- **Exercise requirements**: Would you transcribe the listing that follows, character for character, and omit its images?

- **Recorded information**:
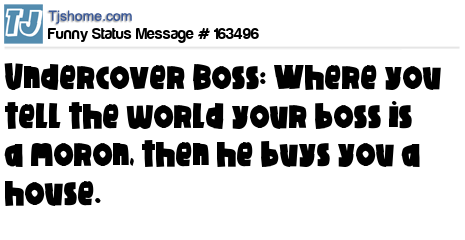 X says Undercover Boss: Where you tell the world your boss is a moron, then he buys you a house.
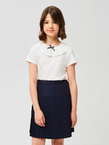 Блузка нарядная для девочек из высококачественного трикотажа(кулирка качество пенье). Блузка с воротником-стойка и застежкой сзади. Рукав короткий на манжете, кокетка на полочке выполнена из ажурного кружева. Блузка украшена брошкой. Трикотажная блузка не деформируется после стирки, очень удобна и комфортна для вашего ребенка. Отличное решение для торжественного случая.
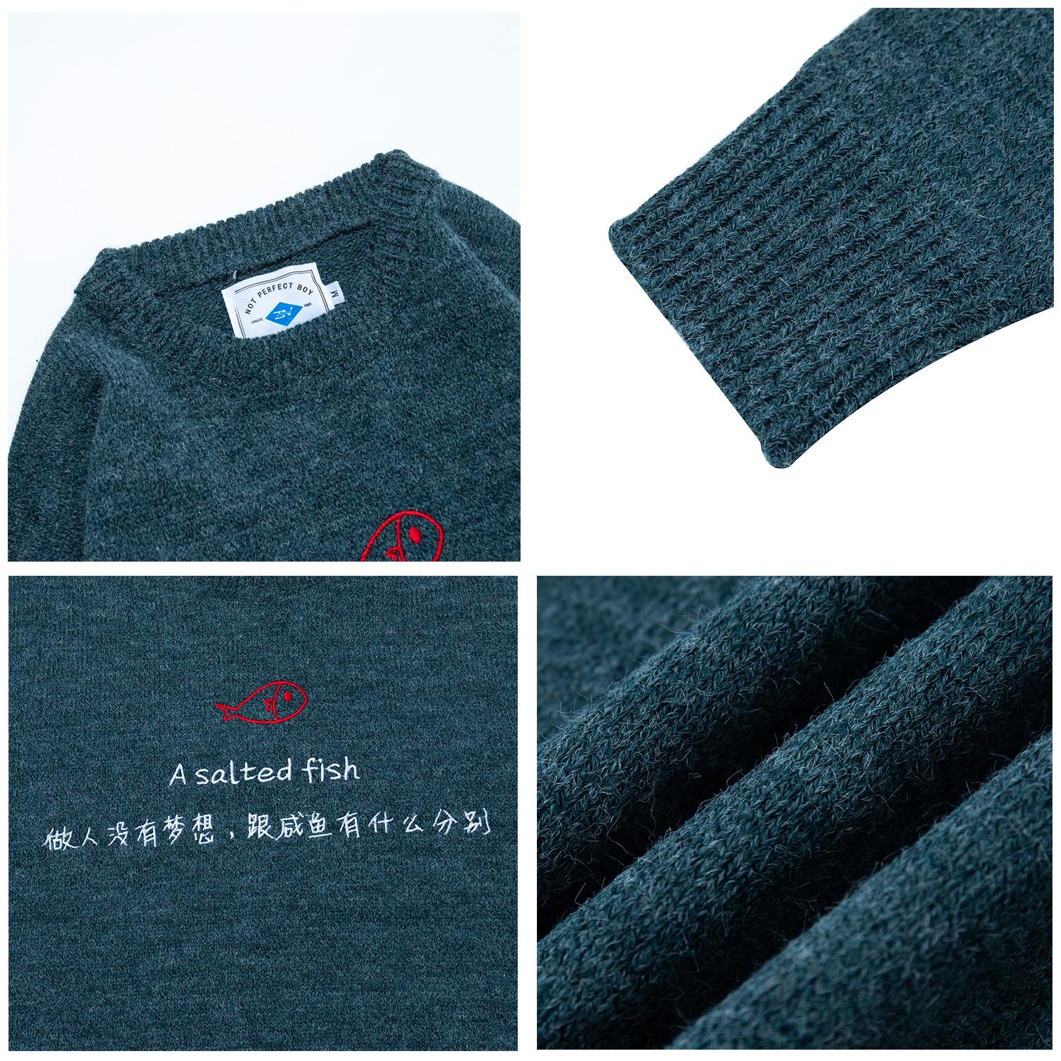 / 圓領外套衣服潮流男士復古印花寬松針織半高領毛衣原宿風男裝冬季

- **Answer section**:
 X says Undercover Boss: Where you tell the world your boss is a moron, then he buys you a house.
 Блузка нарядная для девочек из высококачественного трикотажа(кулирка качество пенье). Блузка с воротником-стойка и застежкой сзади. Рукав короткий на манжете, кокетка на полочке выполнена из ажурного кружева. Блузка украшена брошкой. Трикотажная блузка не деформируется после стирки, очень удобна и комфортна для вашего ребенка. Отличное решение для торжественного случая.
 / 圓領外套衣服潮流男士復古印花寬松針織半高領毛衣原宿風男裝冬季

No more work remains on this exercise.